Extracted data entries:
══════════════════════════════

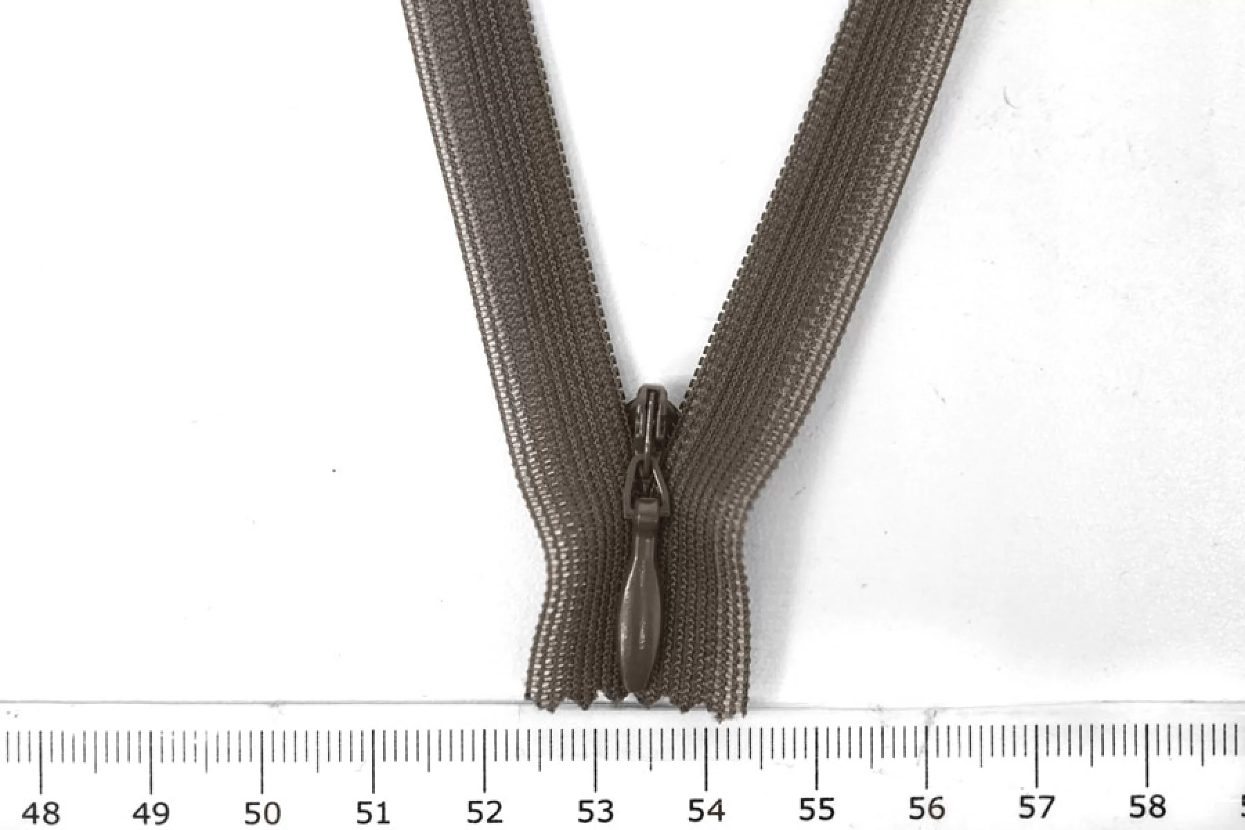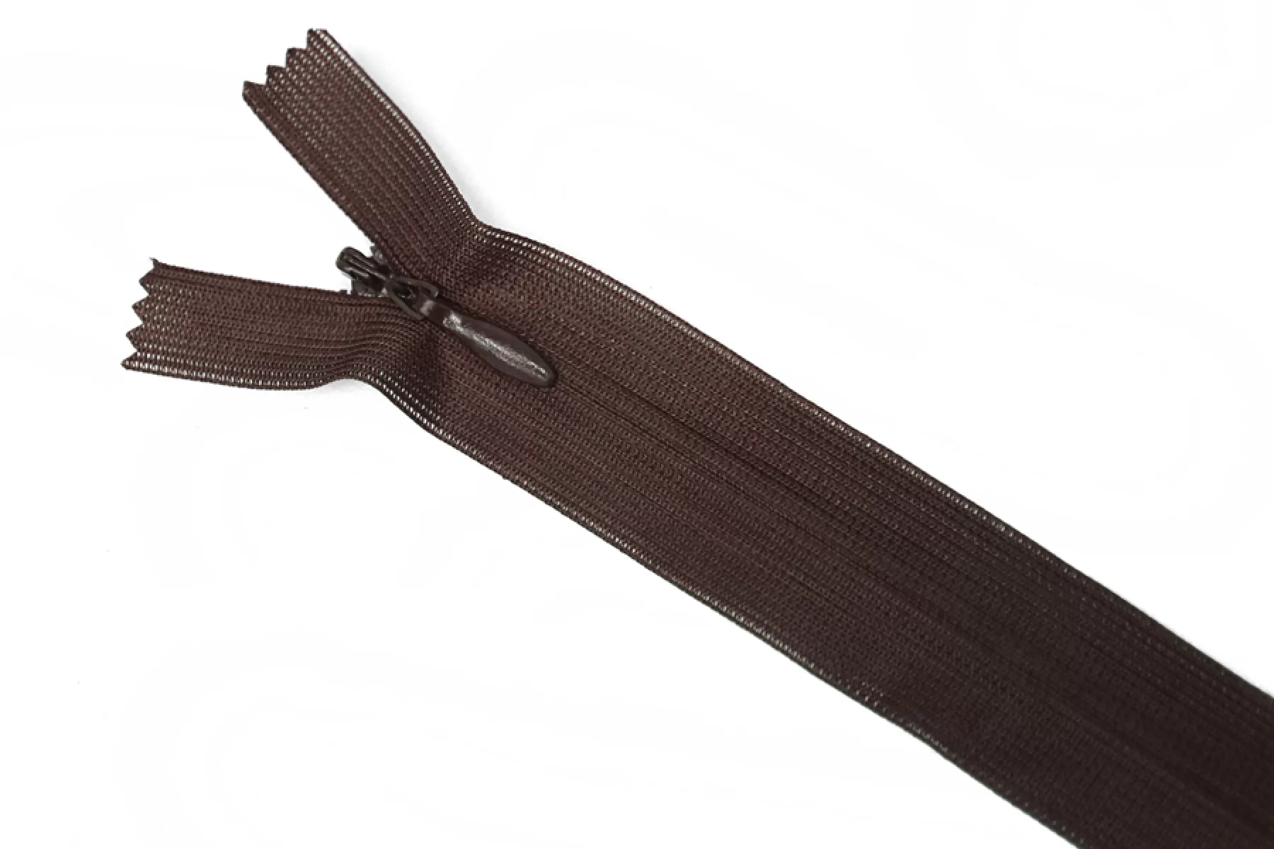 Молния потайная Коричневая , длина 18 см. Неразъемная. Зубцы пластиковые, слайдер и пуллер - металл вцвет молнии. Ширина молнии 2,2 см. Ширина зубцов 4 мм.
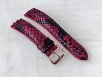 Часовые ремешки из натуральной кожи питона красного цвета. Размер ремешков 115мм и 75мм, размер посадочных мест 20мм и 18мм. Эта пара часовых ремешков изготовлена мастером в Москве, при пошиве используется натуральная кожа питона, в качестве материала подклада применена кожа теленка, края обработаны урезом. Возможен индивидуальный пошив часовых ремешков любой сложности, для любой модели часов, из любого материала, в том числе из экзотической кожи. Если у Вы хотите приобрести эту пару ремешков для часов и или вы желаете заказать индивидуальный пошив часовых ремешков для своих любимых часов, напишите нам, и мастер свяжется с Вами и лично ответит на любые интересующие Вас вопросы.
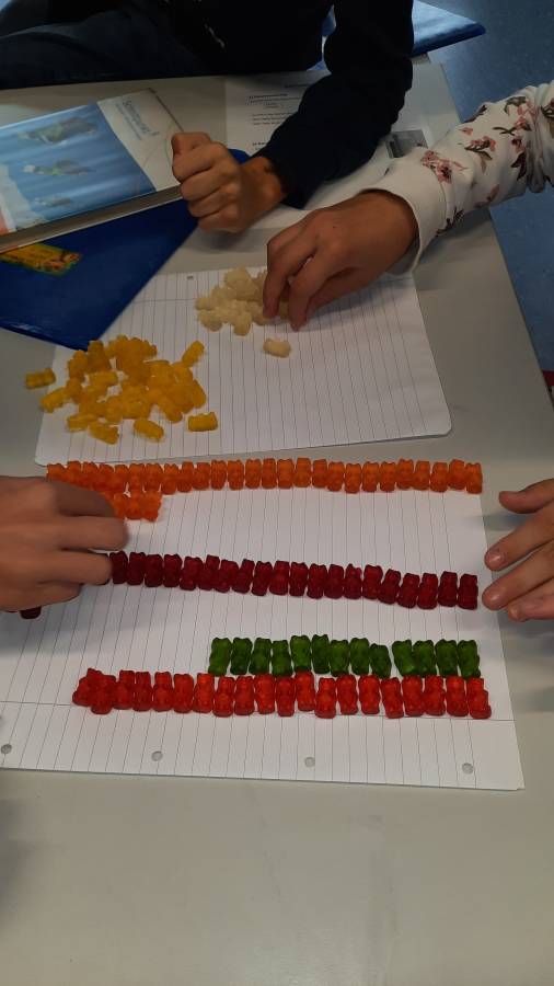 Vorweg wurden mithilfe von Gummibärchen Daten erhoben, die anschließend in Tabellen und als Diagramme dokumentiert wurden.
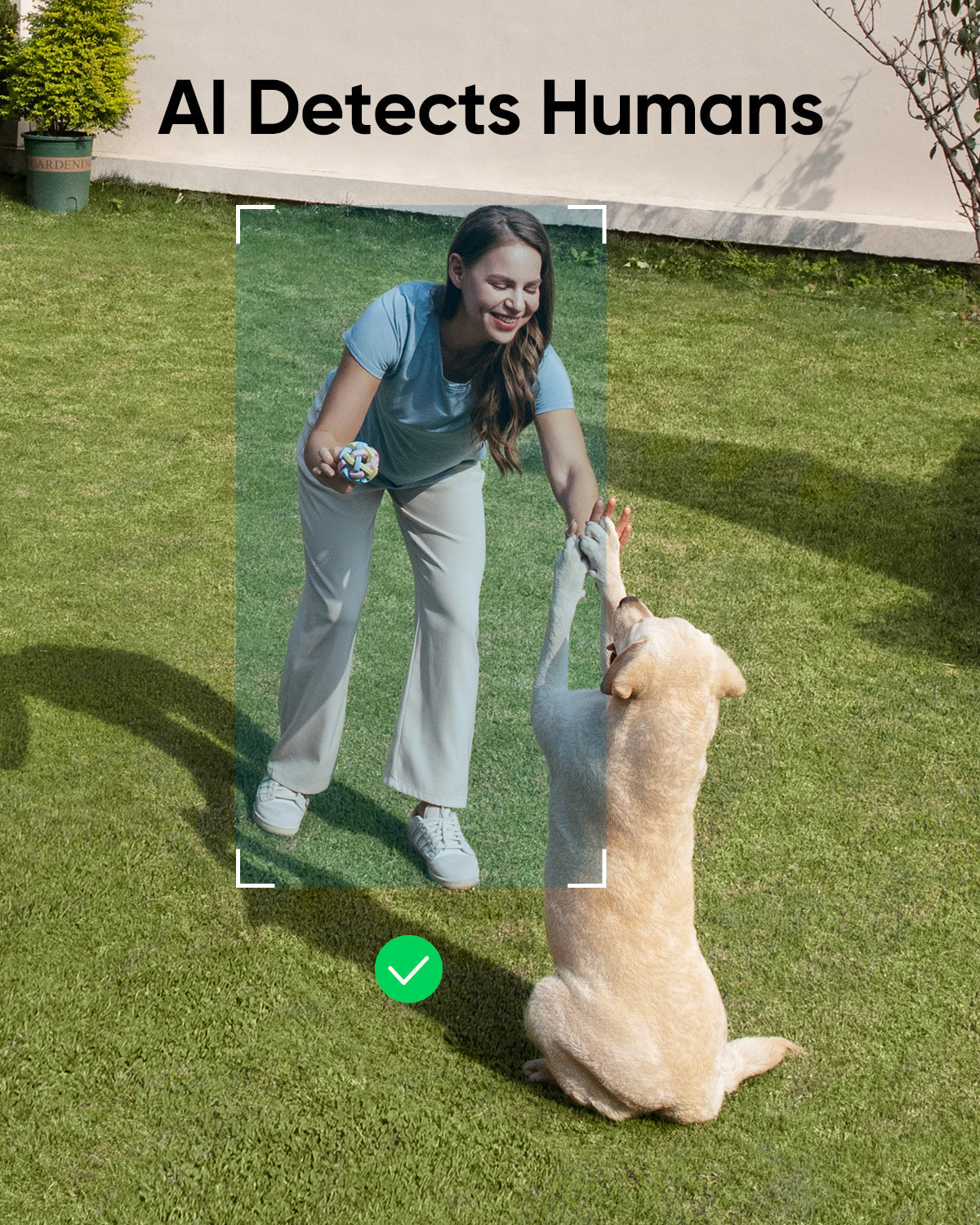 Human Detection: AI alerts* you of anyone in your yard, whether family, a courier, or a stranger. Connect to HomeBase 3 for individual facial recognition.
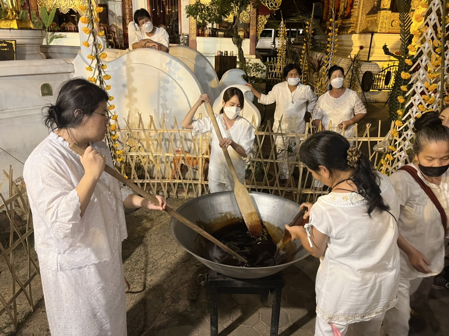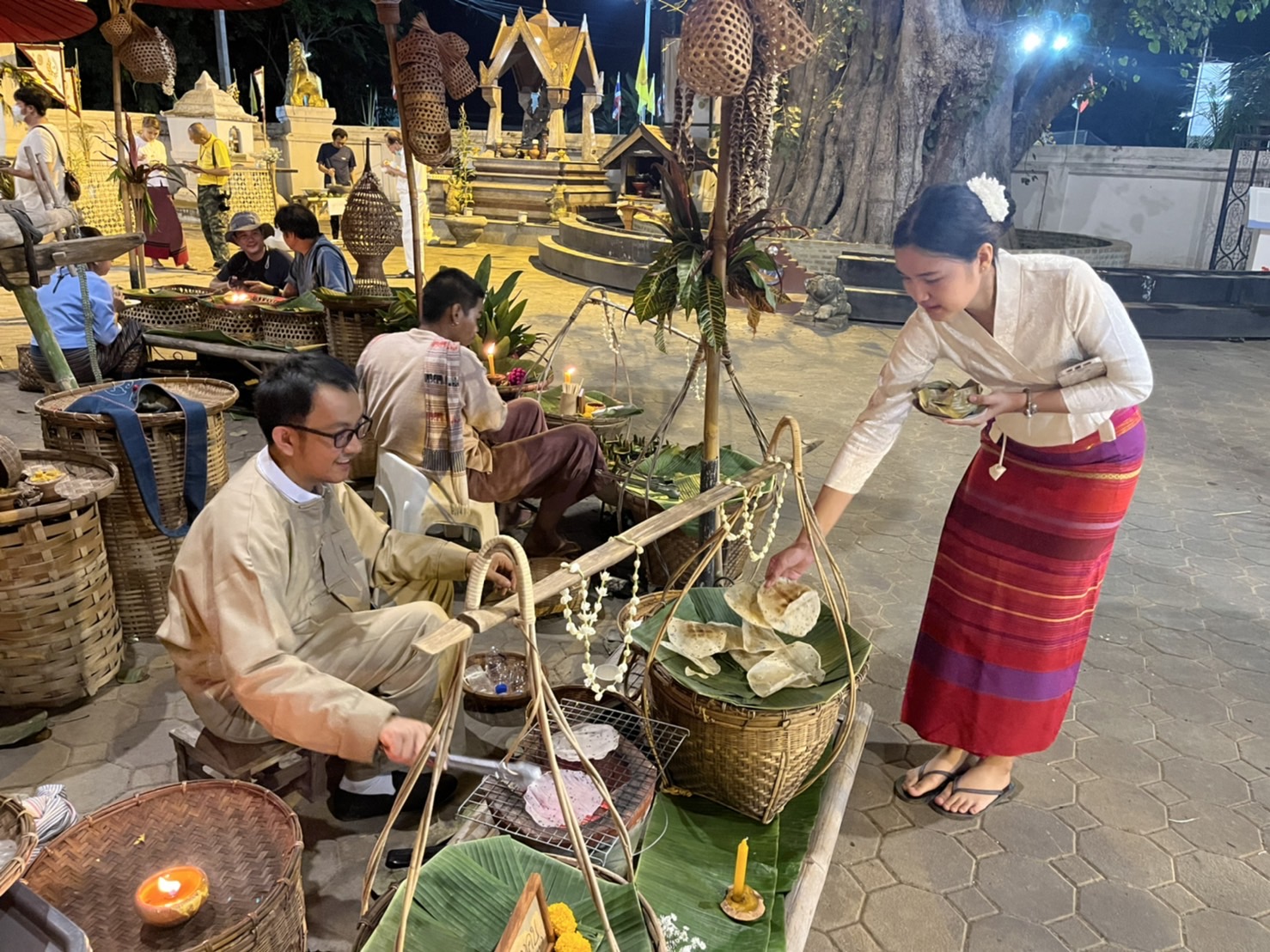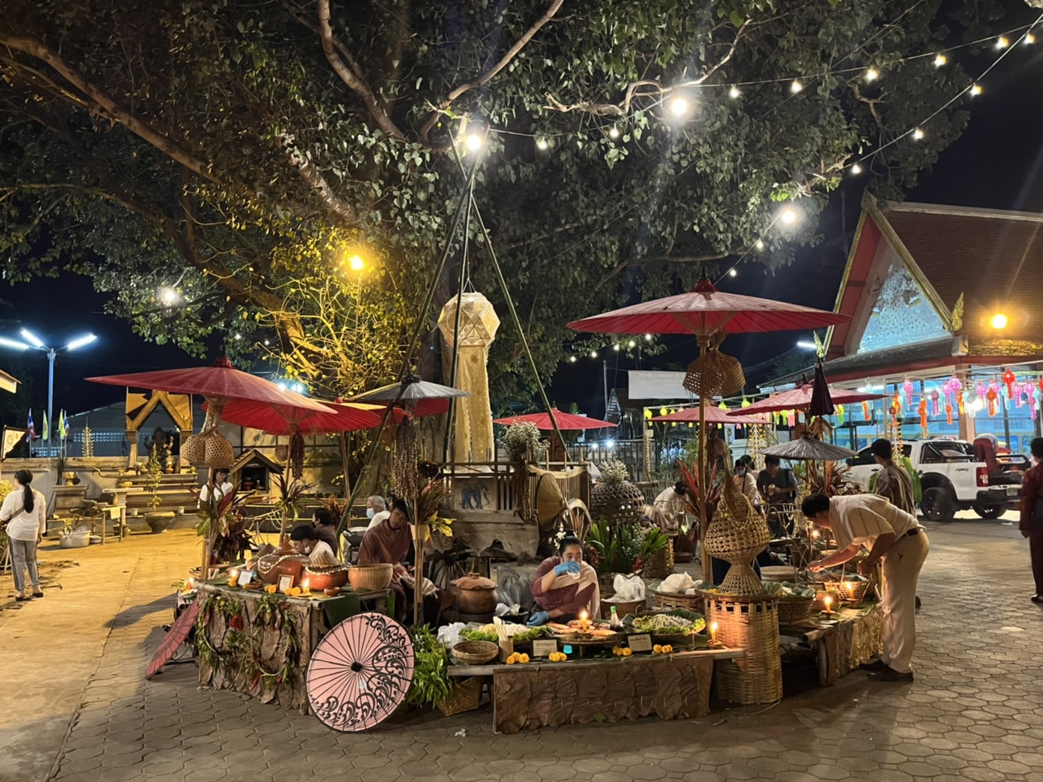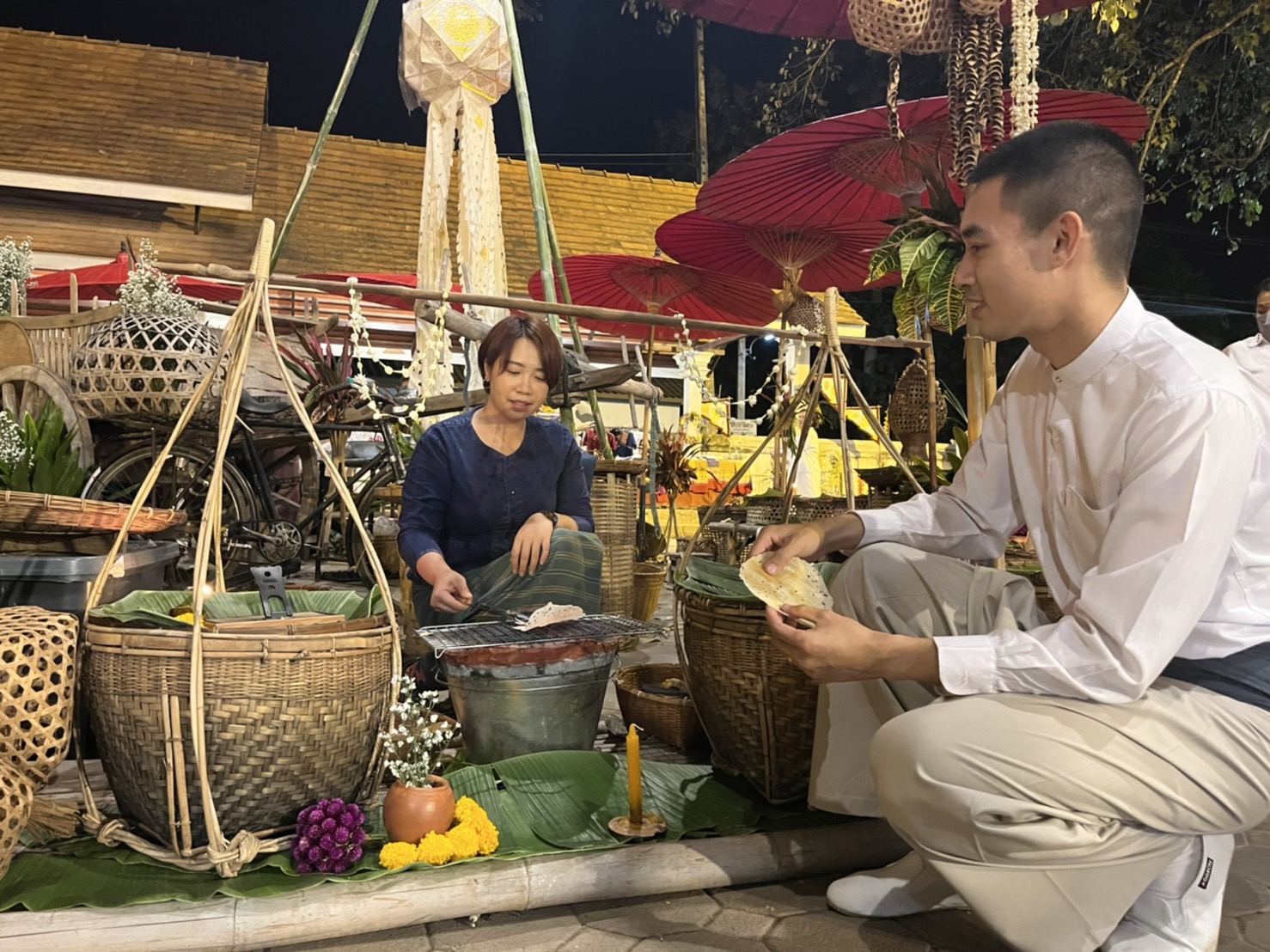 จากเมื่อวานนี้ วันที่ 28 ตุลาคม ช่วงเย็นทางวัดศรีนวรัฐ ได้ประกอบพิธีบวงสรวงต้นฝ้าย(ต้นฝ้ายที่ปลูกไว้วัดโต้งธาตุ ใกล้ทุ่งนาสะพานบุญ) ประกอบพิธีเพื่อบอกกล่าวองค์พระธาตุ และนำขบวนแห่ดอกฝ้าย เตียวลัดโต้งเคลื่อนสู่วัดศรีนวรัฐ จากนั้นประกอบพิธีเจริญพระพุทธมนต์สมโภชจุลกฐิน และประกอบพิธีทำผ้าจุลกฐิน อีด ปั่น ทอ ย้อม “สายบุญ ปั้นฝ้าย ทอบุญ จุลกฐิน” ตลอดทั้งคืนจากชาวบ้าน อ.แม่แจ่ม ที่เก่งด้านผ้าทอตีนจก บอกว่าผ้าจุลกฐินของวัดศรีนวรัฐปีนี้ ถือว่า เป็นผ้าที่ทำเสร็จในคืนเดียวที่สวยงามมาก และในคืนเดียวกันได้ทำข้าวมธุปายาส เป็นอาหารสมัยพุทธกาล คือ ข้าวที่หุงเจือด้วยน้ำนม และน้ำผึ้ง พร้อมจัดข้าวปลาอาหาร ขนม และการละเล่นต่างๆ เช่น ฟ้อน และฟ้อนโตนกกิ่งกะหร่า ให้ศรัทธาประชาชนได้ชม และได้รับประทานอาหารคาวหวานร่วมกัน

══════════════════════════════

Exercise – Write out exactly, and nothing more than, the lines of the entries above from the line containing "Часовые ремешки из" through the final line; omit any pictures.

Answer for the task –
 Часовые ремешки из натуральной кожи питона красного цвета. Размер ремешков 115мм и 75мм, размер посадочных мест 20мм и 18мм. Эта пара часовых ремешков изготовлена мастером в Москве, при пошиве используется натуральная кожа питона, в качестве материала подклада применена кожа теленка, края обработаны урезом. Возможен индивидуальный пошив часовых ремешков любой сложности, для любой модели часов, из любого материала, в том числе из экзотической кожи. Если у Вы хотите приобрести эту пару ремешков для часов и или вы желаете заказать индивидуальный пошив часовых ремешков для своих любимых часов, напишите нам, и мастер свяжется с Вами и лично ответит на любые интересующие Вас вопросы.
 Vorweg wurden mithilfe von Gummibärchen Daten erhoben, die anschließend in Tabellen und als Diagramme dokumentiert wurden.
 Human Detection: AI alerts* you of anyone in your yard, whether family, a courier, or a stranger. Connect to HomeBase 3 for individual facial recognition.
 จากเมื่อวานนี้ วันที่ 28 ตุลาคม ช่วงเย็นทางวัดศรีนวรัฐ ได้ประกอบพิธีบวงสรวงต้นฝ้าย(ต้นฝ้ายที่ปลูกไว้วัดโต้งธาตุ ใกล้ทุ่งนาสะพานบุญ) ประกอบพิธีเพื่อบอกกล่าวองค์พระธาตุ และนำขบวนแห่ดอกฝ้าย เตียวลัดโต้งเคลื่อนสู่วัดศรีนวรัฐ จากนั้นประกอบพิธีเจริญพระพุทธมนต์สมโภชจุลกฐิน และประกอบพิธีทำผ้าจุลกฐิน อีด ปั่น ทอ ย้อม “สายบุญ ปั้นฝ้าย ทอบุญ จุลกฐิน” ตลอดทั้งคืนจากชาวบ้าน อ.แม่แจ่ม ที่เก่งด้านผ้าทอตีนจก บอกว่าผ้าจุลกฐินของวัดศรีนวรัฐปีนี้ ถือว่า เป็นผ้าที่ทำเสร็จในคืนเดียวที่สวยงามมาก และในคืนเดียวกันได้ทำข้าวมธุปายาส เป็นอาหารสมัยพุทธกาล คือ ข้าวที่หุงเจือด้วยน้ำนม และน้ำผึ้ง พร้อมจัดข้าวปลาอาหาร ขนม และการละเล่นต่างๆ เช่น ฟ้อน และฟ้อนโตนกกิ่งกะหร่า ให้ศรัทธาประชาชนได้ชม และได้รับประทานอาหารคาวหวานร่วมกัน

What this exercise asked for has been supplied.